シーゲル教授がウォートン・ビジネス・ラジオで、絶好調の業績にともない上昇を続けるNVIDIA株について語った。

シーゲル教授は最近2日間をニューヨークで過ごしたという。
ウォートン校で45年勤続し、この度引退するにあたって、祝賀会が開かれたのだ。
(これにともない、最近のメディア出演では「名誉教授」と呼ばれることが多くなっている。)

シーゲル教授はNVIDIA株がさらに上昇する可能性に言及する。

「もっと上がりうる。
今の約800ドルが1,000、1,500、2,000になる可能性ももちろんある。
もしもそうした価格で割高になるなら、私はそうなると思うが、それでも最終的に落ちるまで上がることはないということを意味しない。
大きな議論は、現状が1997-98年の半導体やインターネットと同様、上昇を続け、破裂しクラッシュするのかだ。
それはわからない。」

シーゲル教授はこの日、現在と1997-98年とを比べる議論を紹介している。
(これはFPが従来から喚起してきた時期だ。)
これまで2000年と比べることが多かったが、それはあまり意味がない。
2000年は利益も出していない企業にとんでもない株価がついていた。
PERはおろか、PSRさえ計算できない企業にお金が付いていた。
ただし、シーゲル教授は、今後それに似てくることを否定しない。

しかし、FOMOの傾向、NVIDIAや半導体に取り残される恐怖がさらにはるかに(市場を)押し上げ、明確にファンダメンタルズを超えるようになるかもしれない。
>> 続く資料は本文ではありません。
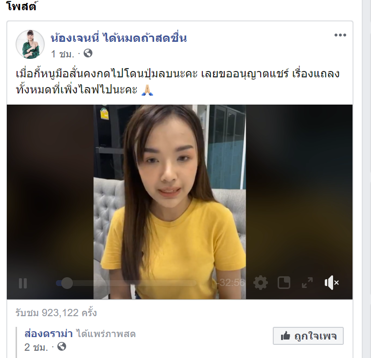 อย่างไรก็ตามหลังจบไลฟ์ไม่นานโพสต์ถูกลบไป ก่อนเจ้าตัวจะโพสต์ใหม่บอกว่า “มือลั่น”.-สำนักข่าวไทย

シーゲル教授は今回、インターネット・バブル前だけでなく、1980年代終わりの日本のバブル期とも比較している。
ついに日経平均が35年ぶりに史上最高値を更新した点を引いている。

「たくさんの人がこれを挙げて、『株式投資』(訳注:原題は「長期投資のための株式」)は元に戻すまで35年もかかったじゃないか、と言う。
これは長期投資にとって不利なことだ。
・・・もちろん、5、6、7倍も割高なら、バブル崩壊後に元に戻すまで時間がかかる。」

高いバリュエーション(PER 80-90倍)からの転落なら、回復に時間がかかるとの趣旨だ。
現在の米国株のバリュエーションはそれほど高くないから、仮に下落があっても比較的速やかに復帰すると言いたいのだ。
ちなみに、日本株はシーゲル教授のバリューのモデル・ポートフォリオでも多く組み込まれている。
日本株に元気が出てきたことを歓迎するとコメントしている。

「日本市場のPERは約15-16倍ととても合理的で、よい変化が起こっている。
円安が競争力を高めている。
高齢化社会であり、日本で可能なイノベーションの重しになっているようだが、間違いなく日本人は勤勉であり、この(市場の)熱意は歓迎だ。」